What makes a painter, a painter? The accumulated spices of many generations go into that recipe. Sensitivity plays a part. Being a third child of a Mother who did not want to have a third child, my birth was the “accident” of two extremely talented, intense, brilliant and determined parents whose forebears worked their brains and hands to death. Perhaps being descended from diary farmers, cattlemen, craftsmen, musicians, orphans, immigrants, cultural aesthetes, Rabbis, sages, domestic goddesses and balabustas, added to the mix and maybe all the kvass and schnapps and chicken soup my ancestors drank to stay alive, to dilute and wash away their suffering, heated my genes and forged my artistic passion. All I know is I have been making art since I was a toddler, before I could walk.

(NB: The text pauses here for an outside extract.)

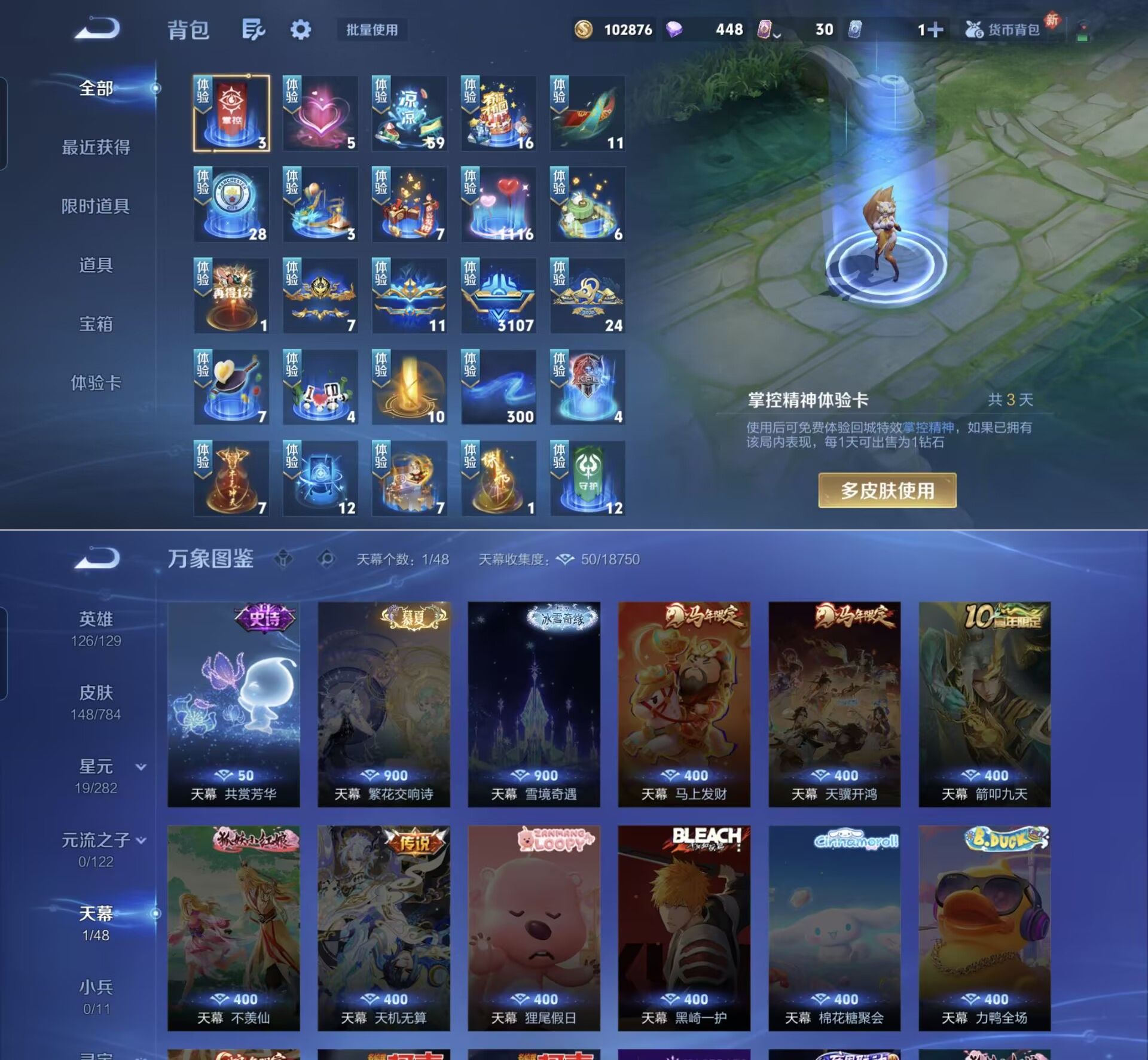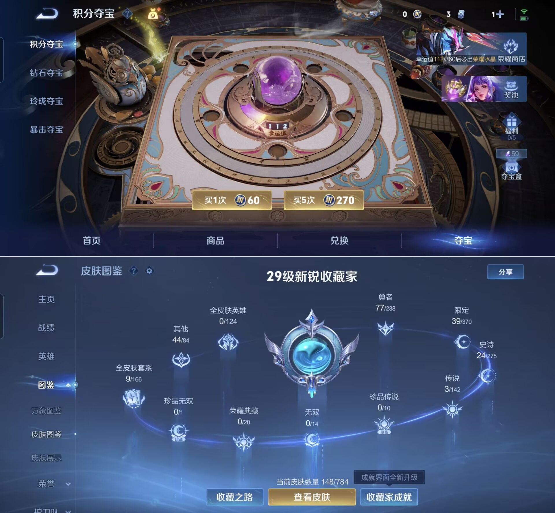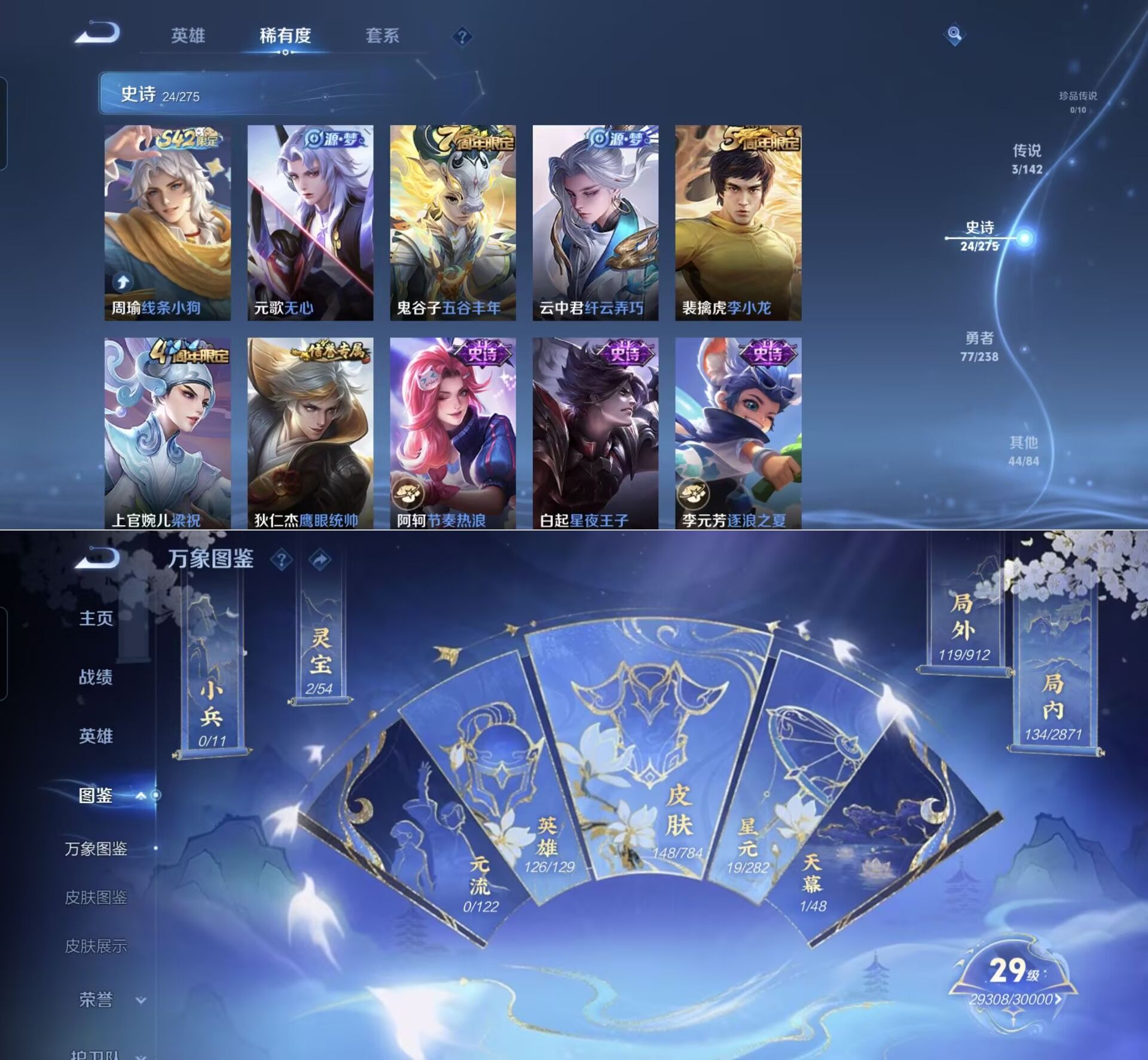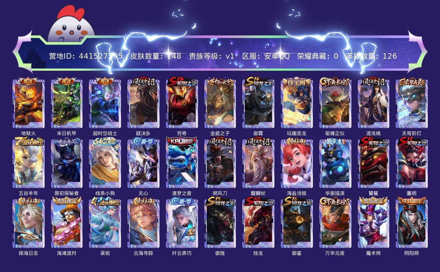 贵族等级:v1皮肤数:148传说品质3 英雄数:126

The urge to create is part of me. Like so many painters, who have to sit or stand and be with their work until it’s done, the physical price that comes from spending hour after hour in a studio, is a stiff bone-glassy, brittle feeling that finally envelopes me as I stand at my sink washing up brushes alone at the end of the day. Yet, often there is great spiritual elation, though my bones may ache. Painting gives me a feeling of being in connection with divine inspiration, a gift given by some higher power. Painting has been my saving grace. It has kept me productive, earnest and filled with gratitude. It has given me an outlet for self-expression. This artistic intensity, ceaseless, mysterious, contrarian, is a form of emotional witnessing and ordains my everyday life with magic. When I was young, I made drawing after drawing. My first drawing tool was a red crayon and then a pencil or a ballpoint pen, then, later, oil and acrylic paint. I have spent countless hours teaching myself how to paint and getting better at accessing my visions. My style developed as a mix of personal interpretations confronted with outer influences, visual and emotional, the unexpected woven through historic references, irony and holiness existing together. Alert, spontaneous, my journey is forged by shape and color and an ascending spirit. Making art is nothing more and nothing less than eye-body coordination plus intent. While painting, my goals are to manipulate shape and color to create a dynamic, to bring forth my emotions, to communicate with the viewer and to tell a story. During the painting process, intoxicating enjoyment comes from utilizing the brilliance of color, the play of shapes, and projections of emotion to create magic on a canvas. I was born to paint.